Bryan has often reminded me that changing the laws is going to be a long slow process. So when we who were part of Heeding God’s Call began talking about a gun merchants’ Code of Conduct signed by Wal-Mart, I was interested. We chose to present the code to Mr. Colismo, since by all reports his shop was a major source of illegal guns bought through this process of straw buying. When Mr. Colisimo refused to sign the code, we discussed the possibility of performing a direct action at his shop. For me the decision to join the direct action was simple, and a logical next step in my growing commitment to stop the flow of illegal guns.

Others may have more developed rationales for joining the action, but my rationale is straightforward, and is captured in the words of the Apostle Paul in his letter to the Romans where he said: “I beseech you brothers and sisters, to present your bodies as a living sacrifice, holy and acceptable to the Lord. For this is your act of spiritual worship.” For me, participating in the direct action and sitting down in front of Mr. Colisimo’s store when we were refused entry, was an act of my Christian commitment and an act of worship. It was a way for me to literally put my body on the line for stopping gun violence. My sitting down in front of Colisimo’s store was a concrete, physical act of faith, pure and simple.

The irony of this whole affair is that the police who arrested me and who blocked our entrance to Mr. Colisimo’s shop are the ones on the front lines suffering from the presence of illegal guns on our streets. I can’t imagine what it must be like for them to go out on some calls knowing they could be fired at.

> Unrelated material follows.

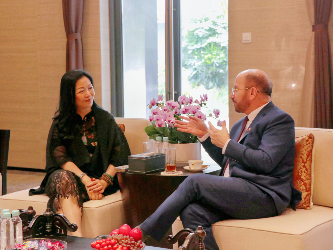 查看詳情5月9日下午,馬來西亞駐南寧總領(lǐng)事館總領(lǐng)事阿哈默·法蒂爾·伊斯邁爾、馬來西亞駐廣州總領(lǐng)事館商務(wù)領(lǐng)事哈里斯一行到訪中國—東盟特色商品匯聚中心,實地調(diào)研項目的發(fā)展情況。中國—東盟特色商品匯聚中心董事長趙海燕熱情接待領(lǐng)事們一行。

I admire their courage. Yet how ironic that they arrested me for trying to stop the flow of the illegal guns being fired at them. I pointed this out to one of the officers just before I was arrested, but he was not hearing any of it.

It is also ironic that the D.A.’s office is bringing this case, when they have testified on behalf of the very laws I too would like to see passed: the lost and stolen, and one handgun a month bills. It is further ironic that I am being tried in a court in Philadelphia, which itself has passed these laws, but has been prevented by legal challenges to enforce these laws I too would like to see enforced.

I am not the offender in this court. I am not the criminal. The criminals in this case are those who block the passage of sane laws, and who object to signing a simple code of conduct that would slow down the process of straw buying. Those are the ones who should be on trial, not the twelve of us who stand before you today. If I am a criminal, then the DA’s who are trying me, and the city of Philadelphia are also criminal, because we are all on the same side. I contend I am not in the wrong and should not be convicted of a crime because I don’t believe the city of Philadelphia is wrong or the DA’s office is wrong in trying to stop the process of straw buying. The criminals in this case are still free to operate: gun shops like Mr. Colisimo’s who look the other way to make a sale, and who won’t put common sense practices in place to discourage straw buying. The criminals in this case are those like the NRA who oppose the passage of these common sense laws. The criminals are politicians who allow their votes on these gun laws to be swayed by the NRA’s money. These are the criminals in this case, and they are not on trial, but were we acting logically and in accordance what is right and just, they would be.

So, your honor, I ask that you see this case for what it is: a complete contradiction of justice, and acquit me on the charges brought against me.